§ About this exercise
Skip the pictures and write out, word for word, the lines below from the one with "BOSS baskılı siyah, normal" through the one with "This is an authentic", inclusive.
=== Data supplied ===
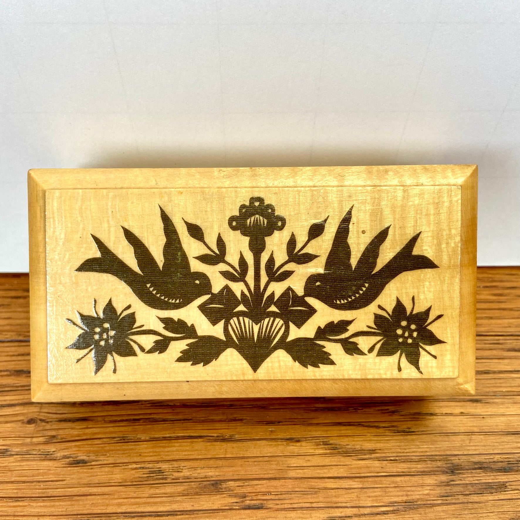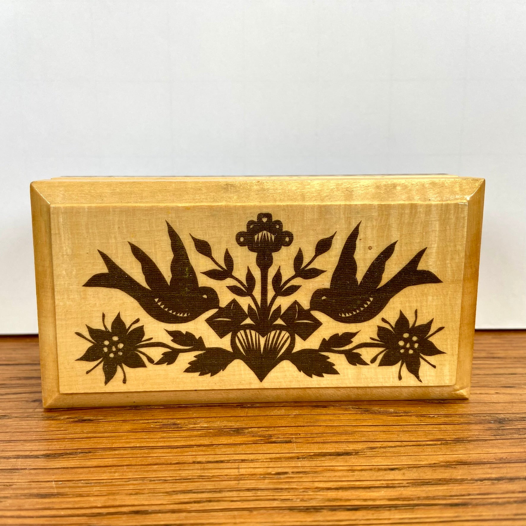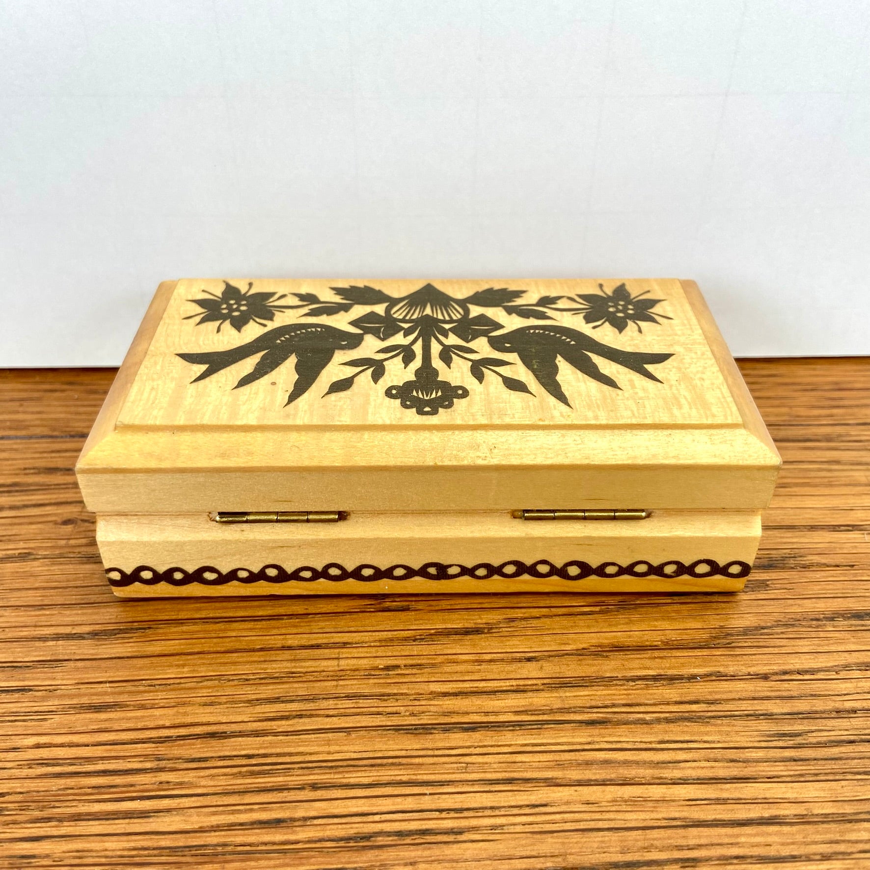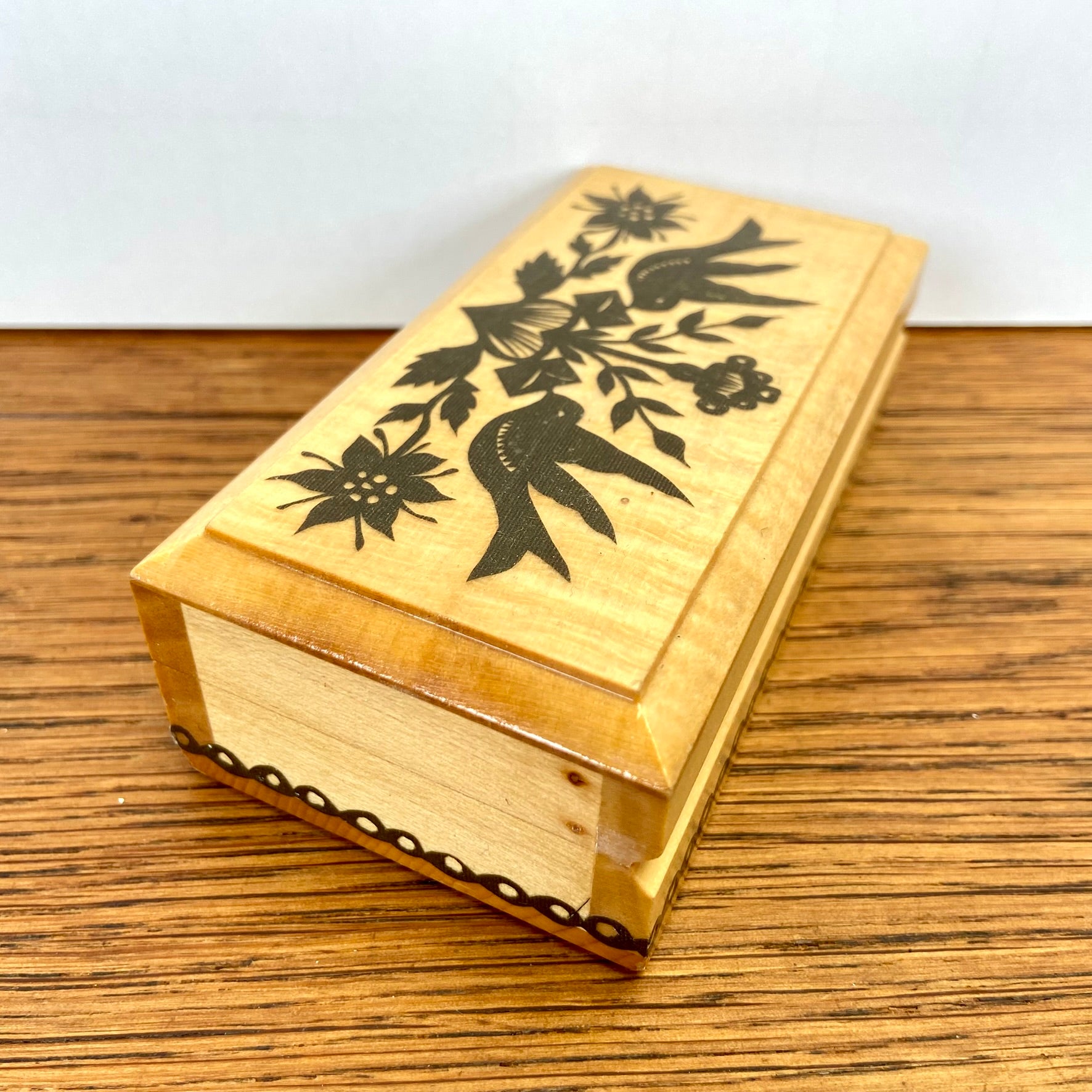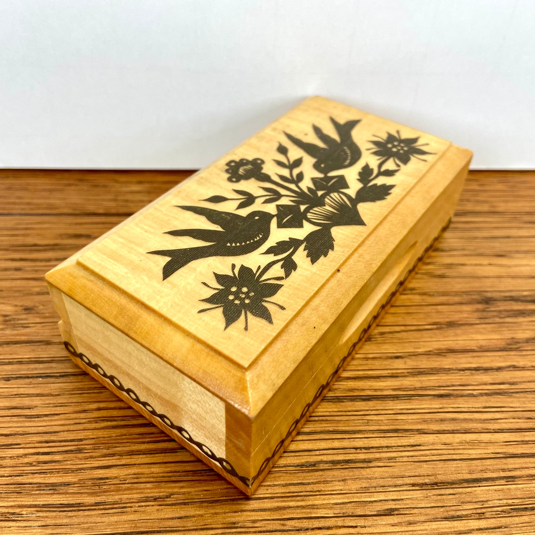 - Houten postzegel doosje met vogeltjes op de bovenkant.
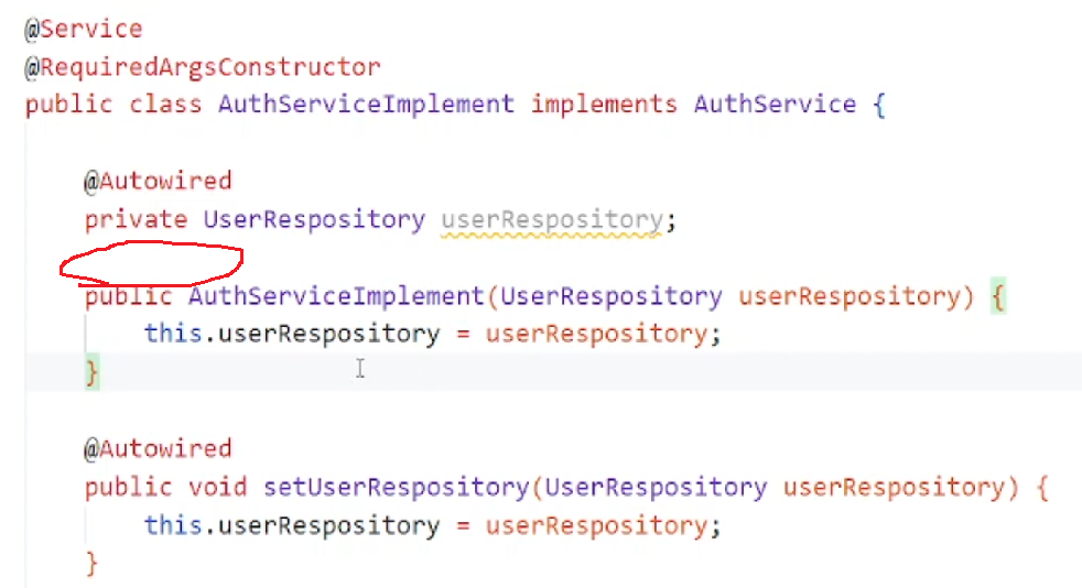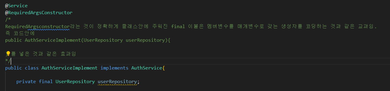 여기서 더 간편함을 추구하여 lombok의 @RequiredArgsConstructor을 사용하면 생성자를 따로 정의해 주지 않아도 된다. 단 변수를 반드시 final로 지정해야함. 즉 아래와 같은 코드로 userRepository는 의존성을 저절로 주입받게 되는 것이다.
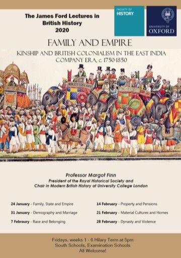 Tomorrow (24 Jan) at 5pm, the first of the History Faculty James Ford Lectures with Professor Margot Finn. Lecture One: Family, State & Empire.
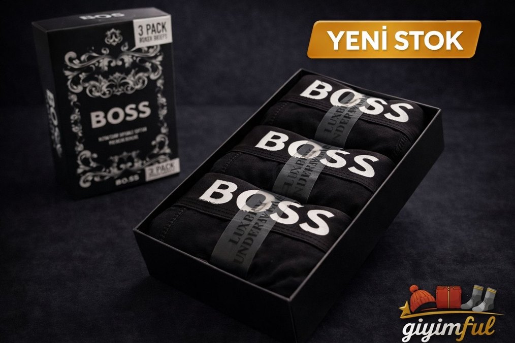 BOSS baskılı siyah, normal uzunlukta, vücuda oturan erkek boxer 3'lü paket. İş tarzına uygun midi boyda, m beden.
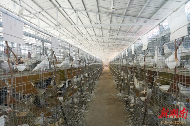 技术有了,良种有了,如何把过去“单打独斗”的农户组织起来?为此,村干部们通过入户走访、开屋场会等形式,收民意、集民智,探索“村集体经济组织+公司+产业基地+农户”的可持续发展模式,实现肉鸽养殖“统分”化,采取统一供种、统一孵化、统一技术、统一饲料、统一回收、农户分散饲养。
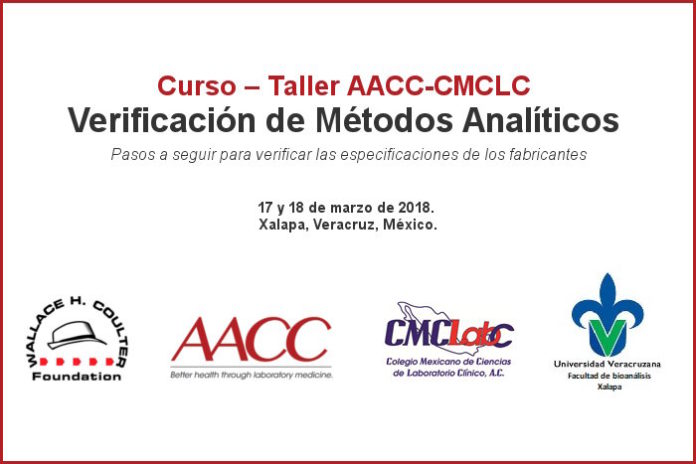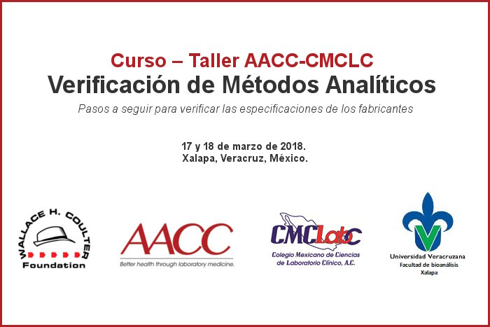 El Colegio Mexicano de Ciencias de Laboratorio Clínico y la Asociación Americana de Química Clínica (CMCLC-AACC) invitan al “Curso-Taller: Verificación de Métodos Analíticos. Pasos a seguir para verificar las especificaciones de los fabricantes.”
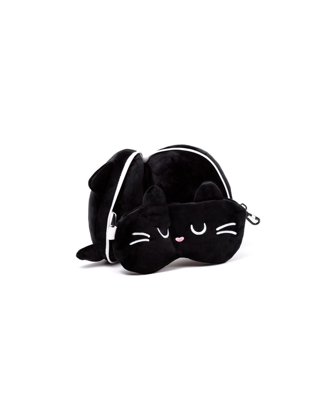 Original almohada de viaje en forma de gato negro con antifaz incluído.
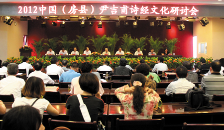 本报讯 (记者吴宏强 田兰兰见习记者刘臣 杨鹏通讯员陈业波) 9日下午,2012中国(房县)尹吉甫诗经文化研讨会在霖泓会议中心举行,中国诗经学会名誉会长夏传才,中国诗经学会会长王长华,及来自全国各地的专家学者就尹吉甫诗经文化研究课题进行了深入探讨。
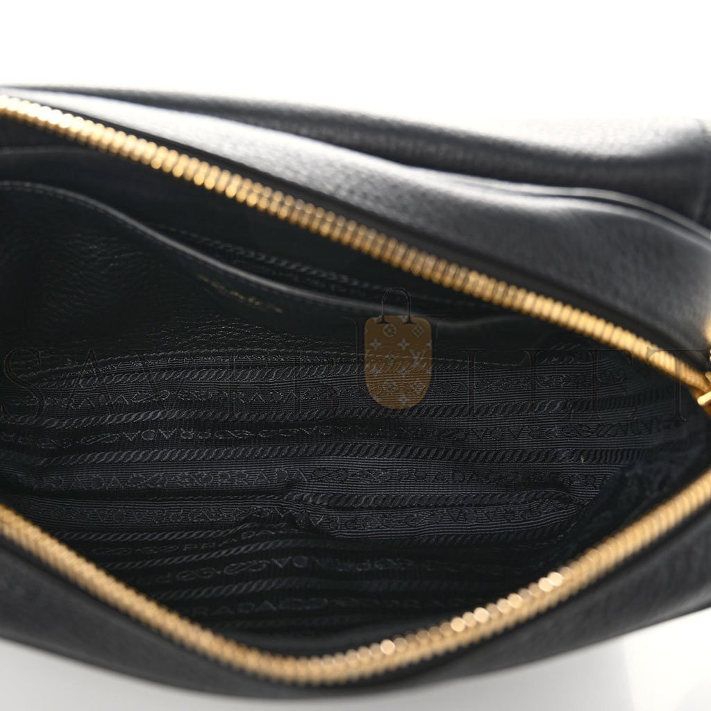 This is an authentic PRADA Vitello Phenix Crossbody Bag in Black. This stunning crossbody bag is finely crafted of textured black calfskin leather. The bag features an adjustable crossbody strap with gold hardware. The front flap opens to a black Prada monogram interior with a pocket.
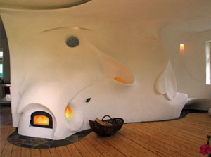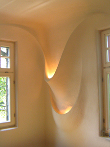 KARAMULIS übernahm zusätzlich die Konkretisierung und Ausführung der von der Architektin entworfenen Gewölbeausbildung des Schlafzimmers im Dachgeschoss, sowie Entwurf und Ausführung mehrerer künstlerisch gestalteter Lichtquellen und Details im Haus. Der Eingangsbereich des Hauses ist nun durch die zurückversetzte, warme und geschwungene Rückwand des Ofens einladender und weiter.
===
§ Solution to this exercise
 BOSS baskılı siyah, normal uzunlukta, vücuda oturan erkek boxer 3'lü paket. İş tarzına uygun midi boyda, m beden.
 技术有了,良种有了,如何把过去“单打独斗”的农户组织起来?为此,村干部们通过入户走访、开屋场会等形式,收民意、集民智,探索“村集体经济组织+公司+产业基地+农户”的可持续发展模式,实现肉鸽养殖“统分”化,采取统一供种、统一孵化、统一技术、统一饲料、统一回收、农户分散饲养。
 El Colegio Mexicano de Ciencias de Laboratorio Clínico y la Asociación Americana de Química Clínica (CMCLC-AACC) invitan al “Curso-Taller: Verificación de Métodos Analíticos. Pasos a seguir para verificar las especificaciones de los fabricantes.”
 Original almohada de viaje en forma de gato negro con antifaz incluído.
 本报讯 (记者吴宏强 田兰兰见习记者刘臣 杨鹏通讯员陈业波) 9日下午,2012中国(房县)尹吉甫诗经文化研讨会在霖泓会议中心举行,中国诗经学会名誉会长夏传才,中国诗经学会会长王长华,及来自全国各地的专家学者就尹吉甫诗经文化研究课题进行了深入探讨。
 This is an authentic PRADA Vitello Phenix Crossbody Bag in Black. This stunning crossbody bag is finely crafted of textured black calfskin leather. The bag features an adjustable crossbody strap with gold hardware. The front flap opens to a black Prada monogram interior with a pocket.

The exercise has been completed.